Suppression rules can be created directly from a specific incident . When doing so, relevant scope and entity details (such as file name, process, domain name, etc.) are auto-populated in the rule creation form. You can review, edit, or expand these before saving the rule.

• Suppression rules are active immediately upon creation.
• You can revoke suppression rules at any time from the Risk Acceptance Management section.
• Auto-prefill from incident: The default scope and relevant entity types and values are pulled directly from the incident you are accepting.
• Editable: You can change, remove, or add scope types, scopes, entities, and values.
• Affected incidents: See how many existing incidents would be affected by the current rule configuration before saving

Optional Settings

You can also configure the following optional settings when creating a risk acceptance rule:

• Reason: Add context explaining why the incident is being accepted.
• Expires: Define when the risk acceptance will automatically expire.

💡

Note:

When creating a risk acceptance rule, existing incidents that match the rule are marked as resolved.

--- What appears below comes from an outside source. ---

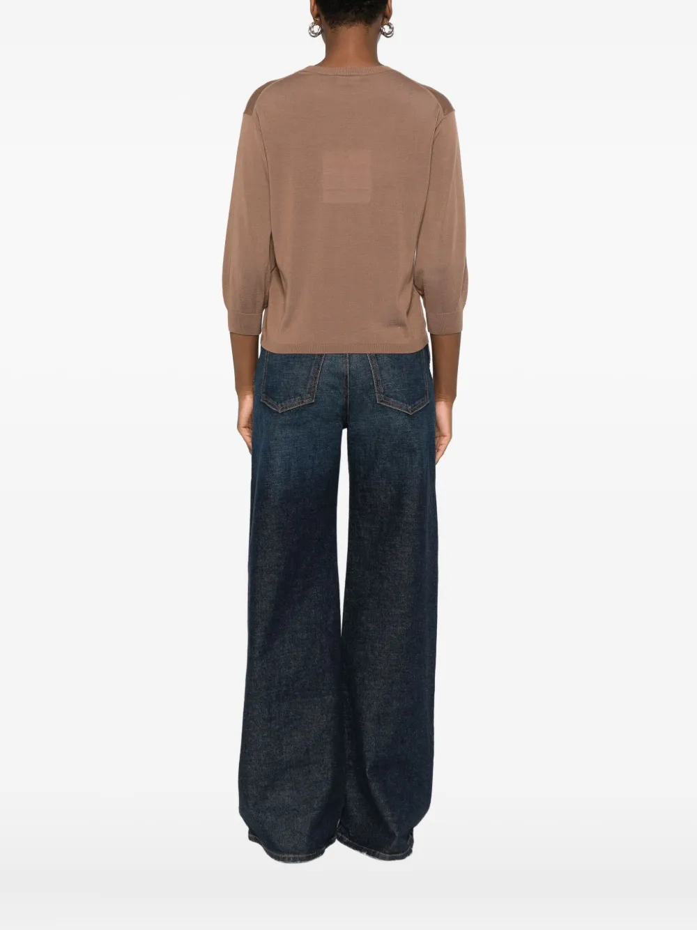 Коричневый шерстяной свитер с круглым вырезом и рукавами три четверти

They remain stored in the system and can still be viewed.

However, future incidents that match the rule will not be generated at all, they will not be stored, resolved, or visible in the platform. This ensures reduced noise without losing visibility into past activity

Example for accepting the risk - IMDS Token Theft Detected

When accepting risk for an IMDS Token Theft Detected incident, the default scope (Scope 1) is automatically generated from the selected incident context.

In this example, Scope 1 includes:

• Provider: AWS
• Region: US East (N. Virginia)
• Host: ip-172-31-15-234.ec2.int

The incident details are also automatically populated as advanced scope entities.

Advanced scope entities

• Process

  • Name: curl

• Network endpoint

  • Destination IP: 169.254.169.254

• HTTP

  • Method: PUT
  • User agent: curl/8.15.0
  • Endpoint: /latest/api/token

Only future incidents matching this scope and all of these advanced scope entity conditions will be suppressed.

FAQs

Q: What happens when I open the Accept Risk window?

• A default scope is automatically generated from the selected incident, so the risk acceptance initially applies only to the affected resource unless you broaden it.

Q: What is the scope of the incident suppression?

• Rules are evaluated against the defined scope and selected entities. Depending on the incident context, scope can follow either a cloud runtime path (Provider → Account → Region → Host) or a Kubernetes path (Provider → Account → Region → Cluster → Namespace → Workload).

Q: Can I select multiple values for the same scope type?

• No. Each Type–Value pair supports only a single value. To apply risk acceptance to multiple values, create additional scopes.

Q: How are multiple scopes evaluated?

• Multiple scopes are evaluated using OR logic. The rule applies if an incident matches any of the defined scopes.

Q: How are multiple entity conditions evaluated?

• Entity conditions are evaluated using AND logic. All selected entities must match for the rule to apply.

Q: Are suppressed incidents stored?

• Existing incidents that match the rule remain stored and can still be viewed. Future incidents that match the rule are not generated and therefore are not stored or shown in the platform.

Q: Are rules applied retroactively?

• Yes. Existing incidents that match the rule criteria are marked as resolved.

Q: Can I edit or delete a rule later?

• Yes. Go to the Risk acceptance section under Policies to manage all risk acceptance rules.

Q: What is the required Helm version for supporting Scope entities?

• “Scope entities” requires Helm chart v1.28.3 or higher.